The magazine has put a mirror on the cover of its “Person of the Year” issue, released on Monday, “because it literally reflects the idea that you, not us, are transforming the information age,” Editor Richard Stengel said in a statement.
You beat out candidates including Iran’s President Mahmoud Ahmadinejad, China’s President Hu Jintao, North Korean leader Kim Jong-il and James Baker, the former U.S. Secretary of State who led Washington’s bipartisan Iraq Study Group.
Time has been naming its person of the year since 1927 and the tradition has become the source of speculation every year, as well as controversy over unpopular choices such as Adolf Hitler in 1938 and Ayatollah Khomeini in 1979.
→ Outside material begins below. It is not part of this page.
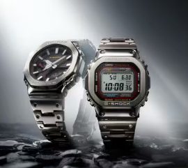 Meneruskan warisan G-SHOCK - tampil tradisional dengan warna-warna dial asli DW-5000C, G-SHOCK pertama, yang kini hadir dalam bentuk jam tangan logam penuh.

The aim is to pick “the person or persons who most affected the news and our lives, for good or for ill, and embodied what was important about the year, for better or for worse.”
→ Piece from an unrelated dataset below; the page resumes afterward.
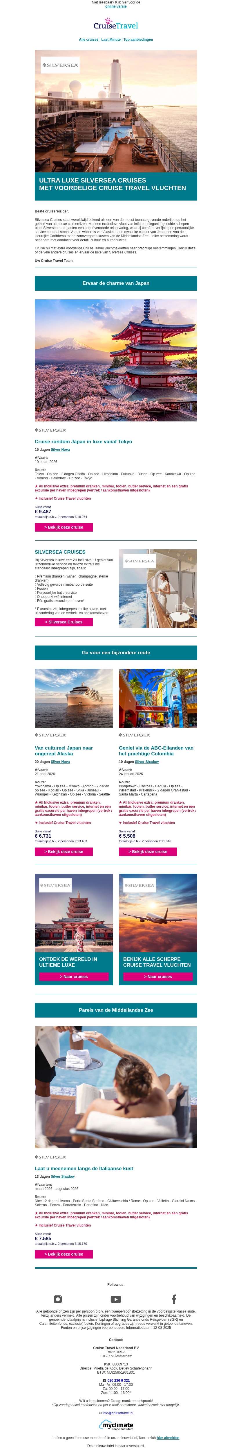 Ultra Luxe Silversea cruises met voordelige Cruise Travel vluchten

Grossman said the creators and consumers of user-generated Internet sites showed a community and collaboration on a scale never seen before.
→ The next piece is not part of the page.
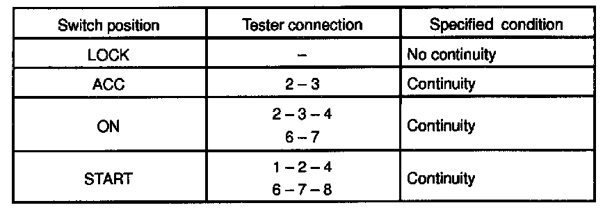 1. INSPECT IGNITION SWITCH CONTINUITY

“It’s about the many wresting power from the few and helping one another for nothing and how that will not only change the world, but also change the way the world changes,” said Grossman, Time’s technology writer and book critic.
“The tool that makes this possible is the World Wide Web,” he said. “It’s a tool for bringing together the small contributions of millions of people and making them matter.”
MySpace -- bought by media giant News Corp. last year for $580 million -- has more than 130 million users around the world and adds around 300,000 members a day, while YouTube -- bought by Internet search leader Google Inc. last month for $1.65 billion -- gets about 100 million daily views.
“These blogs and videos bring events to the rest of us in ways that are often more immediate and authentic than traditional media,” Stengel said.
“Journalists once had the exclusive province of taking people to places they’d never been. But now a mother in Baghdad with a videophone can let you see a roadside bombing or a patron in a nightclub can show you a racist rant by a famous comedian,” he said.
Time’s 2005 Person of the Year was the richest man in the world, Bill Gates, his wife Melinda, and Irish rocker Bono for being Good Samaritans, while the 2004 choice was President Bush. In 2003 “The American Soldier” graced the cover in a year when U.S. troops invaded Iraq.